しかし、それを掠奪して貪り食らうなど、神をも畏れぬ所業だ。
「抗議だ、抗議! こんな流れ、認められるわけがないだろう! 警察を呼べ! 金まみれの近代オリンピックだって、判定に納得が行かない場合は抗議が認められているだろう。今こそ抗議だ抗議!」
「いやカパック王。警察を呼べとは言っても、ここは空中ですよ? それにチベットだし。どこの国の警察を呼ぶんですか」
「ファンタジー警察でいいだろう。あいつら、ファンタジーにおける設定矛盾を鉗子、じゃなくて監視するだけじゃなく、窃盗犯の取り締まりなんていう地味に日常的な業務も行っているんだぞ。どんんだけ権限の幅が広いのか分からんが、今回はそれを活用させてもらうまでのことだ」
「どうやって呼ぶんですか? 110番に通報したら来るってもんじゃないでしょう」
「ご用命の際はいつでもお呼びください、と言っていたから、呼べば来るだろう。だから金の天使、お前も一緒に叫べ」
カパック王と金の天使は一緒に大きく息を吸い込んだ。
「「おーい! ファンタジー警察! 来てくれー!」」
何も起こらない。
いや、相変わらず補陀落宮殿ではじゃがいもパーティーが楽しげに続いている。更にいい匂いも漂ってきた。どうやらステーキを焼き始めたらしい。じゃがいもは付け合わせのマッシュポテトとして使うらしい。
「来ないとか! ファンタジー警察のヤロウ、警察を名乗っているくせにサボっていて許されるのか!」
悪態をついても、どこに誰に向かって言っているというのでもない。どこに居るのか分からないファンタジー警察に聞こえなければ意味が無いだろう。その時だった。
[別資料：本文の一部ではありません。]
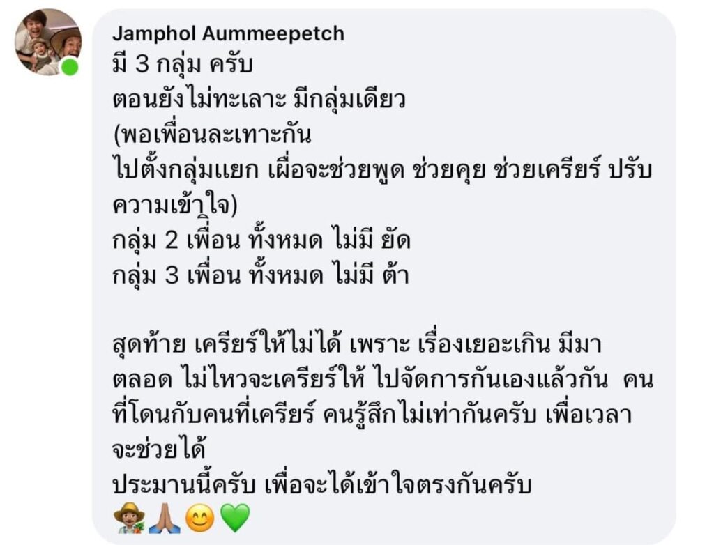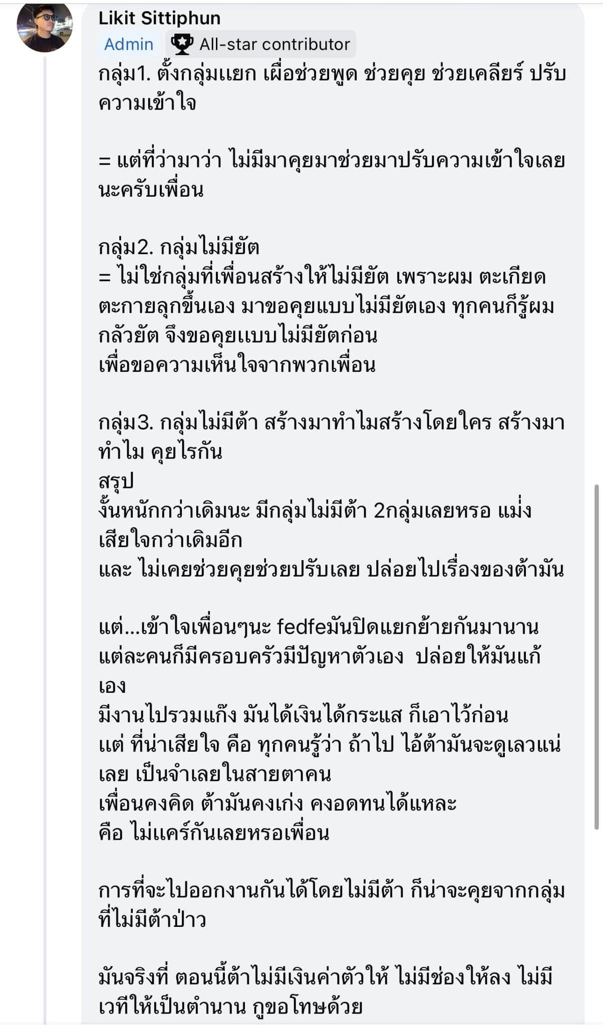 “กลุ่ม 1. ตั้งกลุ่มแยก เผื่อช่วยพูด ช่วยคุย ช่วยเคลียร์ ปรับความเข้าใจ = แต่ที่ว่ามาว่า ไม่มีมาคุยมาช่วยมาปรับความเข้าใจเลยนะครับเพื่อน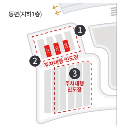 지하1층 동편주차장 210번 앞 주차대행 정산실로 이동합니다.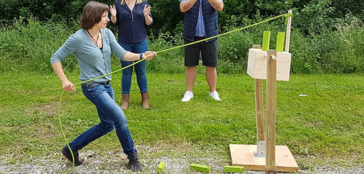 Pour arriver à la célèbre épreuve finale des poteaux qui exige de l'agilité et de la résistante physique et mentale, vos collaborateurs devront valider les épreuves précédantes en développant leur cohésion et leur esprit d'équipe.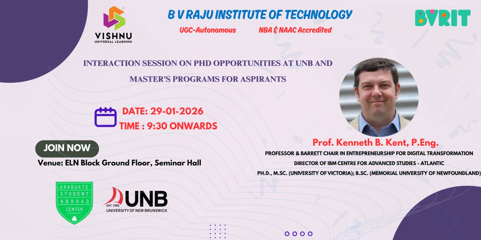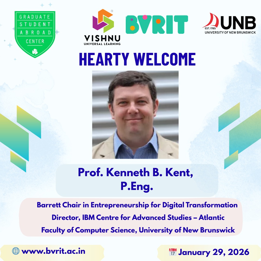 BVRIT GSAC: Dr. Kenneth B. Kent, Faculty of Computer Science, University of New Brunswick (UNB), Canada, visit to BVRIT Narsapur on 29-01-2026.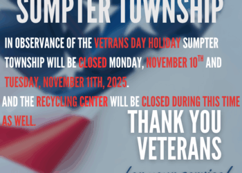 NOTICE: Sumpter Township Offices – Veterans Day Holiday Sumpter Township Offices will be closed on…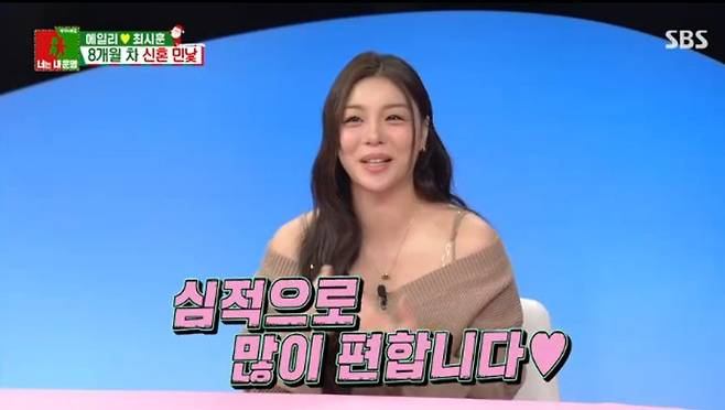 지난 4월에 3살 연하 남편 최시훈과 결혼한 에일리는 얼굴이 편안해 졌다는 말에 “심적으로 많이 편안하다”라고 행복한 결혼생활 중임을 드러냈다.

「♪ウェルカムトゥーようこそジャパリラック! 今日もどったんばったん……♪」
カパック王の懐から、動物に扮した女性声優八人組ユニットが歌う人気アニメのオープニングテーマのたっのしぃー着歌が鳴った。
「なんだよ、取り込み中なのに。……はいもしもし、カパック王だ……」
「毎度お世話になっております。ファンタジー警察です」
受話器の向こうから、幾度も聞いた声が聞こえてきた。
「おい! ファンタジー警察。お前ら税金で食っているくせに、こりゃどういうことだよ? 呼べば行きます、って言っていたじゃないか。なんで呼んでいるのに来ないんだよ? なんで電話なんだよ? 公権力の犬なら犬らしく仕事しろよ」
「いや、だって、行ってもしょうがない案件でしょう。行く必要無いでしょう。警察だって活動するためには経費がかかるんですから、無駄な行動はしませんのでご了承ください」
「おいおいファンタジー警察が何を言っているんだよ。窃盗罪みたいなのは普通の警察に任せておいて、ファンタジー警察ならファンタジー案件に真剣に向き合ってくれよ」
「真剣に向き合っていますよ。だからこそ、今回は行く必要の無い案件だって言っているじゃないですか」
「じゃあ、今、何が起こっているのか分かっているのか?」
「分かっているから行かない、って言っているじゃないですか。自分は忙しいんです。これから、横綱大鵬関との優勝決定戦をしなければなりませんので、またよろしくお願いします」
ブチッ、という引きちぎるような音とともに電話は切れた。
「お前はいつから柏戸になったんだよ!」
もう通話は終了していて向こうに声は聞こえなくなっているが、それでもカパック王は叫んで、怒りにまかせてスマホを地面に叩きつけた。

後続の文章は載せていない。